Were you able to solve this? I'm asking because I just ordered the same board for my server, and plan to run Proxmox with TrueNAS on it, which will probably result in a similar problem like yours
 
I have one ZFS pool:
datastore1: SATA 6 HDD Toshiba HDWD130 - raidz1 (ashift=12, compression=lz4, atime=off)
+ logs: msata SSD 256 gb
+ cache: NVME SSD 1024GB
+ spare: SATA 1 HDD Toshiba HDWD130
running 11 LXC and 4 KVM

Hi,

Your LOAD is too intensive for what you have as a storage(raidz IOPs = the same as a single disk).
(for example, to backup over sftp a large number of small files 30-150kb, copied in 1.5 hours ~48000 files or start a mysql database) then iodelay increases very quickly and the rest of the containers and vm slow down very much. IO delay ~ 20%- 35%.

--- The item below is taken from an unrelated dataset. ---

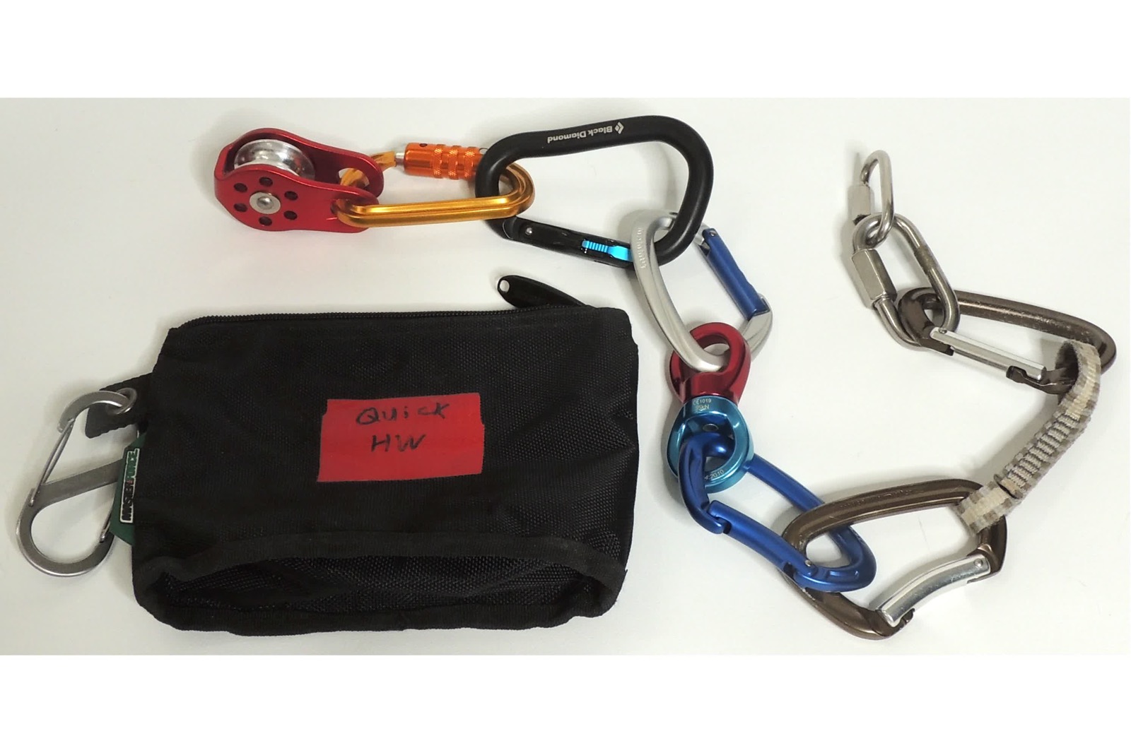 The "quick HW" pouch contains carabiners, a quick-draw, pulley, swivel, and closable links

Yes, because you will need to read a lot of metadata from the pool / disks(a lot of seeks => high latency especial for small files). The same for any DBase(a lot of sync's + seeks).

I tried to make fine adjustments to zfs and mysql and it gave results

What you try to do for mysql?

=================================


Slog is not very usefull for your load:

Most frequently used (MFU) ghost: 0.3 % 1.9M
Most recently used (MRU) ghost: 1.7 % 10.1M


Your L2ARC is huge .....
L2ARC size (adaptive): 590.0 GiB

... and as result you use a lot of RAM => so you have this:


L2ARC status: HEALTHY
Low memory aborts: 192


L2ARC breakdown: 129.5M
Hit ratio: 10.7 % 13.9M
Miss ratio: 89.3 % 115.6M


.... so your L2ARC hit is very low => L2ARC for your case can not help!!!!



Cache hits by data type:
Demand data: 25.2 % 146.7M
Demand prefetch data: 4.7 % 27.6M
Demand metadata: 69.8 % 405.8M
Demand prefetch metadata: 0.2 % 1.3M

... disable prefatch, is not worth for only 30 M -> you will lower your disk latency!

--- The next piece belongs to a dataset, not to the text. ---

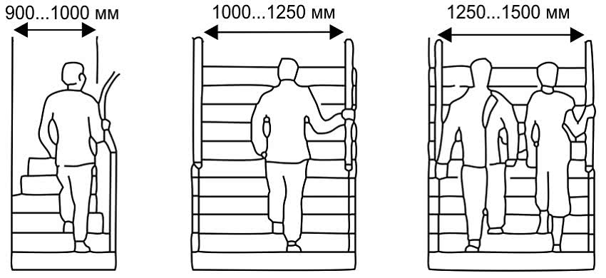 Для различных зон комфорта существуют различные стандарты ширины лестницы:

What can you do to improve your setup:

A. Buy or add one new HDD(8 HDDs in total, without spare disk)
- create a new zpool layout, like RAID10(4 mirror in RAID0) => IOPS will be much better ...

B. Destroy your pool and create a new one RAID50(RAID0 with 2x raidz) , IOPs will be 2x what you have now

C. Maybe, the best option will be to add a second NVME SSD, and used as zfs special device for any block < 4 K(attention here, because if you lose both of them at the same time you lose also the zfs pool)

D. For your VM/CT with many small files, change the zfs proprieties(of the dataseset/zvol) from:

primarycache all

TO

primarycache metadata




Good luck/ Bafta!
 
@FlohEinstein
Don't worry, I've got a H12 and its fine. If you got high IO demands just use NVME.

Edit:
On my previous hardware the CPU could not keep up and caused long IO delays ...
But I would expect a 32 Core Epyc to be fast enough.
Raidz causes a lot of writes to the disks, this is amplified if you move data from one pool to another.
I hope you do not use zfs encryption, which slows down things even more. Luks is much faster ...
 
Last edited: